> **About this exercise**:
Pictures aside, the data must be reproduced exactly.

> **Available data**:
# # # # # # #

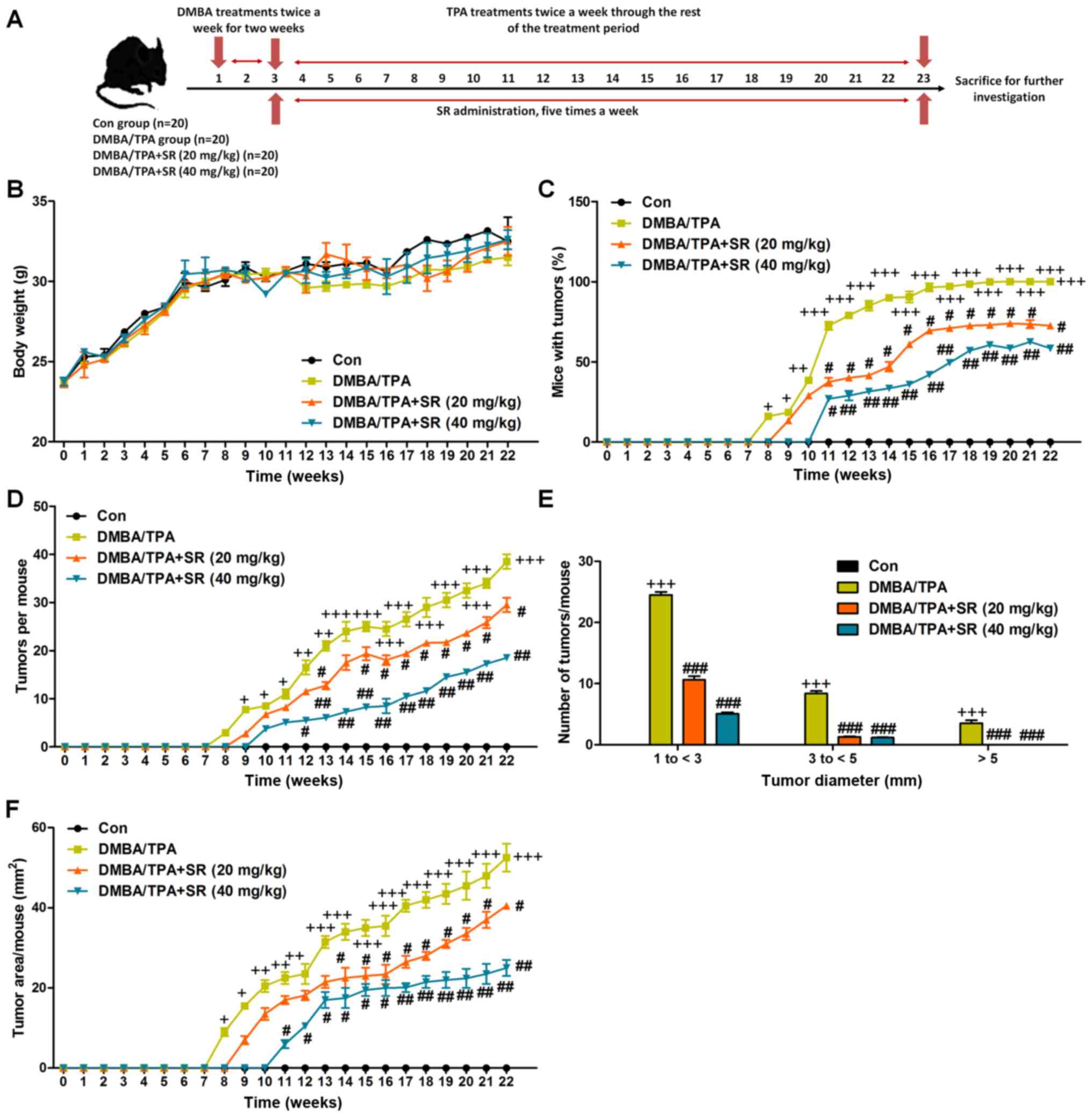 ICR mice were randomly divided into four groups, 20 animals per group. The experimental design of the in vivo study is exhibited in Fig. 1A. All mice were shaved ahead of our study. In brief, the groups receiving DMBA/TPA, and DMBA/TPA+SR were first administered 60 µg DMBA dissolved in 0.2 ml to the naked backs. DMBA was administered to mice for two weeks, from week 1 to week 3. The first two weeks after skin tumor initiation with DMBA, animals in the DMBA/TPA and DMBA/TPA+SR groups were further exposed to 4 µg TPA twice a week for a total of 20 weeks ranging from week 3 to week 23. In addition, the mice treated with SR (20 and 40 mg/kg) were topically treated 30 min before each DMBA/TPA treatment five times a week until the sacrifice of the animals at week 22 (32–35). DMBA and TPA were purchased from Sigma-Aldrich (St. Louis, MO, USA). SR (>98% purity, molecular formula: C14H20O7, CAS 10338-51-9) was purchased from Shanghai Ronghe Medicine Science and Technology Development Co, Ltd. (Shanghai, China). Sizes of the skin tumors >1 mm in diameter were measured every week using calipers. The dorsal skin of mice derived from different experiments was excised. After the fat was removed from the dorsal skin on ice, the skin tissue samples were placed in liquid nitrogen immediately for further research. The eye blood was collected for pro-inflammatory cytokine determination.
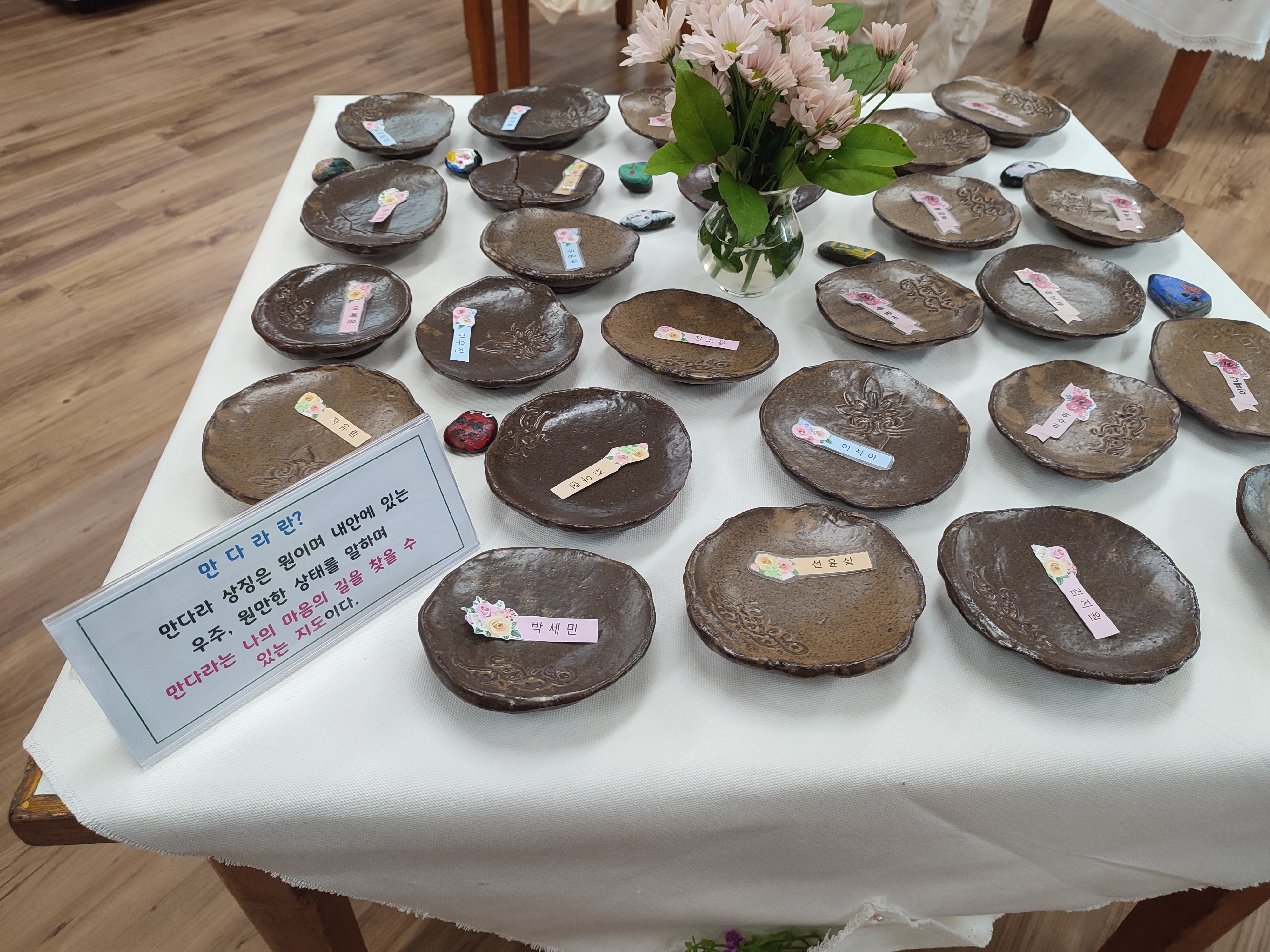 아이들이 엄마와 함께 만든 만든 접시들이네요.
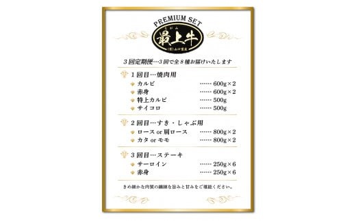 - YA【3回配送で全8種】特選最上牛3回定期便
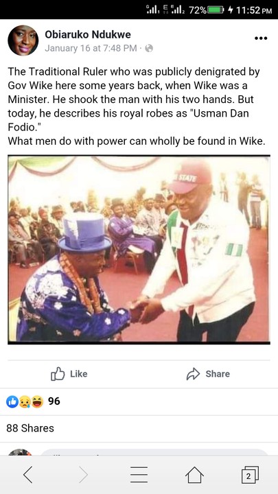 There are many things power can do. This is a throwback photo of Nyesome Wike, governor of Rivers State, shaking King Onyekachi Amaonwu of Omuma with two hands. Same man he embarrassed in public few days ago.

# # # # # # #

> **Exercise result**:
 ICR mice were randomly divided into four groups, 20 animals per group. The experimental design of the in vivo study is exhibited in Fig. 1A. All mice were shaved ahead of our study. In brief, the groups receiving DMBA/TPA, and DMBA/TPA+SR were first administered 60 µg DMBA dissolved in 0.2 ml to the naked backs. DMBA was administered to mice for two weeks, from week 1 to week 3. The first two weeks after skin tumor initiation with DMBA, animals in the DMBA/TPA and DMBA/TPA+SR groups were further exposed to 4 µg TPA twice a week for a total of 20 weeks ranging from week 3 to week 23. In addition, the mice treated with SR (20 and 40 mg/kg) were topically treated 30 min before each DMBA/TPA treatment five times a week until the sacrifice of the animals at week 22 (32–35). DMBA and TPA were purchased from Sigma-Aldrich (St. Louis, MO, USA). SR (>98% purity, molecular formula: C14H20O7, CAS 10338-51-9) was purchased from Shanghai Ronghe Medicine Science and Technology Development Co, Ltd. (Shanghai, China). Sizes of the skin tumors >1 mm in diameter were measured every week using calipers. The dorsal skin of mice derived from different experiments was excised. After the fat was removed from the dorsal skin on ice, the skin tissue samples were placed in liquid nitrogen immediately for further research. The eye blood was collected for pro-inflammatory cytokine determination.
 아이들이 엄마와 함께 만든 만든 접시들이네요.
 - YA【3回配送で全8種】特選最上牛3回定期便
 There are many things power can do. This is a throwback photo of Nyesome Wike, governor of Rivers State, shaking King Onyekachi Amaonwu of Omuma with two hands. Same man he embarrassed in public few days ago.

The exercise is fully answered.